KHGE
- Fresno, California; United States;
- Broadcast area: Fresno, California
- Frequency: 102.7 MHz (HD Radio)
- Branding: 102.7 The Wolf

Programming
- Format: Country
- Affiliations: Premiere Networks

Ownership
- Owner: iHeartMedia; (iHM Licenses, LLC);
- Sister stations: KALZ, KBOS-FM, KCBL, KFBT, KFSO-FM, KRDU, KRZR, KSOF

History
- First air date: 1962 (as KKNU)
- Former call signs: KREN (CP, 5/27/1959-9/21/1959) KXQR (1959–1969) KKNU (1969–1988) KTHT (1988–1998) KALZ (1998–2005) KEZL (2005–2006) KCTZ (1/5/2006-1/19/2006)
- Call sign meaning: HuGE, different word for Big (format based)

Technical information
- Licensing authority: FCC
- Facility ID: 48777
- Class: B
- ERP: 50,000 watts
- HAAT: 152 meters (499 ft)

Links
- Public license information: Public file; LMS;
- Webcast: Listen Live
- Website: 1027thewolf.iheart.com

= KHGE =

KHGE (102.7 FM, "102.7 The Wolf") is a commercial country radio station in Fresno, California, owned and operated by iHeartMedia. Its studios are located on Shaw Avenue in North Fresno, and the transmitter tower is east of Clovis.

KHGE broadcasts two channels in HD. The HD-2 channel was known as "Salsa Bembé", with dance music in Spanish. The HD2 subchannel has since been turned off.

==History==
KKNU - Easy Listening - (1962 through 1985)
KKNU signed on the air in 1962 airing an easy listening music format programmed by Jim Schulke and branded as "Easy 103" until 1985.

KKNU - Soft Adult Contemporary - (1985 through March 1988)
KKNU aired a soft adult contemporary music format from 1985 until March 1988 branded as "103 FM". During most of this time, KKNU was also known as "The Love Song Station" which blended romantic music with what they called "Champagne Jazz", or lite contemporary jazz.

KTHT - Contemporary Hit Radio - (April 1988 through September 1989)
KTHT aired a contemporary hit radio format in April 1988 and it was branded as "K-Hit 102.7" until September 1989.

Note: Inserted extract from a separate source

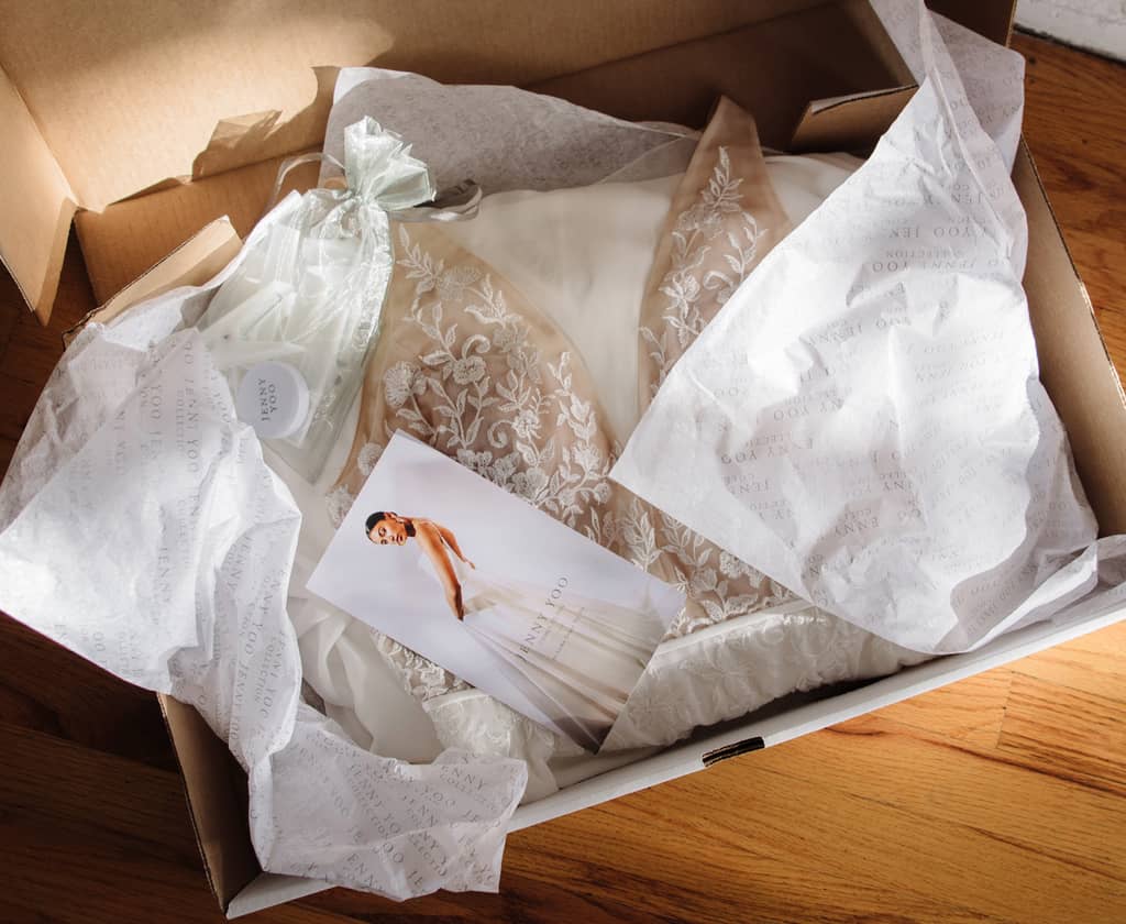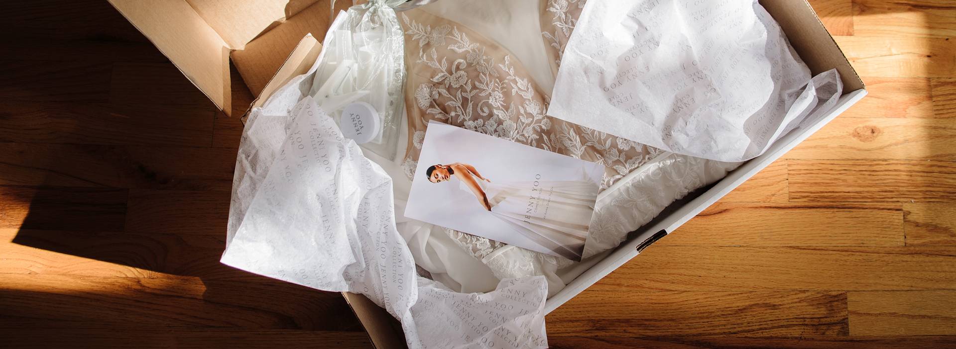At-home Bridal Dress Try OnSchedule your virtual bridal appointment today! The best part? You don't need to be local to the New York or Chicago areas! Let us take some of the stress off wedding planning from home. Video sessions will allow our seasoned stylists to assist you in finding your perfect bridal gown. Once your stylist has answered all your questions and helped you narrow down your top choices, we will ship you samples to try on at home as part of our new Jenny You Comes to You program!

The programming change from soft adult contemporary music to contemporary hit music on April Fools' Day 1988 began as a publicity stunt staged by morning show personality Nick Ryan, who barricaded himself in the control room all day to protest the soft adult contemporary format which he characterized as "wimpy music".

KTHT re-branded to "Thunder 102.7" in September 1989.

KTHT re-branded to "The New Mix 102.7" in 1992, led by Program Director Jon Zellner, who also hosted PM Drive.

KALZ - Modern Adult Contemporary - (April 1, 1998 through January 2, 2006)
- KALZ aired a modern adult contemporary music format from April 1, 1998, until January 2, 2006, branded as "Alice 102.7 FM" The modern adult contemporary music format was moved to 96.7 FM retaining the call letters, KALZ, and "Alice" branding.

Big Country 102.7 logo

KCTZ/KHGE - Country - January 2, 2006
KHGE began airing country music programming on 102.7 FM on January 2, 2006, branded as "Cat Country" using the Federal Communications Commission (FCC) call letters, KCTZ. KHGE re-branded to "Big Country 102.7" on June 19, 2006; a change of FCC call letters followed to KHGE.

On December 26, 2010, following a stunt of country Christmas music, Big Country 102.7 was re-branded as "102.7 The Wolf". The first song under the new branding was "Turn On the Radio" by Reba McEntire, whose version of "Up On the Housetop" had been the last song in KHGE's holiday music stunt.